Bryant-Bologna, un matrimonio che s’ha da fare?
«Al 95% Kobe Bryant sarà un giocatore della Virtus Bologna almeno per qualche mese». Queste le parole del patron Sabatini, dopo una lunga notte di trattative che ha fissato l’ingaggio del pluridecorato numero 24 a 3.3 milioni di euro con ancora in ballo eventuali benefit.
Reazioni contrastanti dal mondo delle tifoserie e anche tra gli stessi addetti ai lavori: se per molti vedere Bryant nel campionato italiano rappresenta la possibilità di realizzare un sogno (basti pensare alla lotta per gli autografi nell’ultimo giorno e all’esaltazione collettiva scatenata), per altri l’esborso economico da sostenere per un prodotto non del nostro basket suona quasi come un insulto, in un periodo in cui la Serie A è passata a 17 squadre dopo l’abominio della wild card con annessi ricorsi e dopo il fallimentare campionato europeo.
C’è anche chi parla di campionato falsato, vista la concreta possibilità che Bryant faccia solo una parte del campionato lasciando la squadra in corso d’opera.
A tal proposito, pesanti sono state le parole di Daniel Hackett, critico verso la scelta di Bryant, un mito che si abbassa a scendere tra i normali per puri motivi di portafogli.

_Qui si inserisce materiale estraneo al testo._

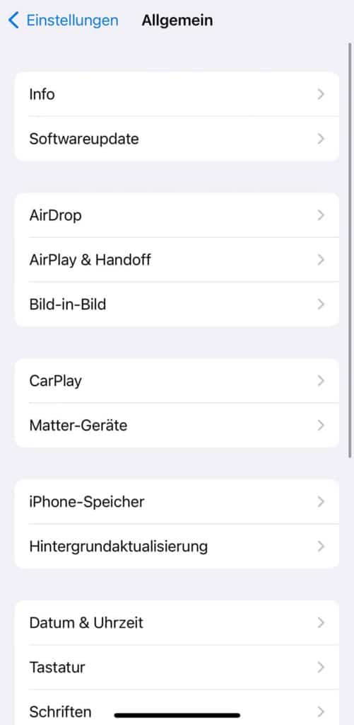 Matter-Geräte in den Einstellungen von iOS 16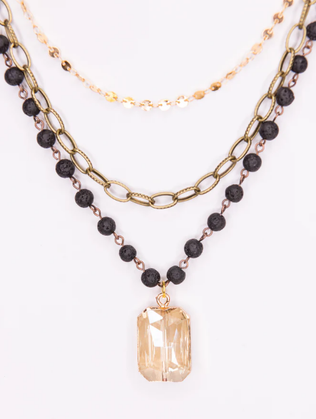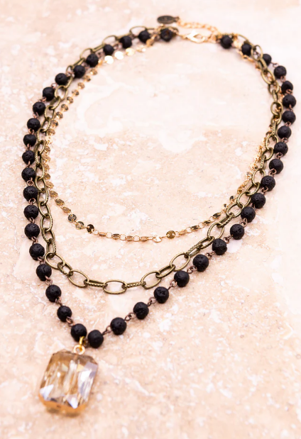 This multi-strand beauty is your go-to for when you want to make a statement without even trying. Layers of bronze and gold chains and a strand of dark beaded texture come together to create the perfect balance of edgy and sophisticated. And that crystal charm? It’s the cherry on top, catching the light like a little burst of magic.

Vera o falsa che sia l’affermazione del play pesarese, è fuori di ogni dubbio che un movimento in crisi come quello del basket azzurro abbia bisogno della risonanza mediatica e dell’entusiasmo che scatenerebbe l’arrivo di una stella di questo calibro.
Riavvicinare sostenitori e opinione pubblica al mondo della palla a spicchi potrebbe avere effetti positivi anche dopo la futura partenza di Bryant, sperando che l’atteggiamento e le motivazioni del campione siano sempre quelle che gli hanno fruttato titoli NBA e riconoscimenti individuali a ripetizione.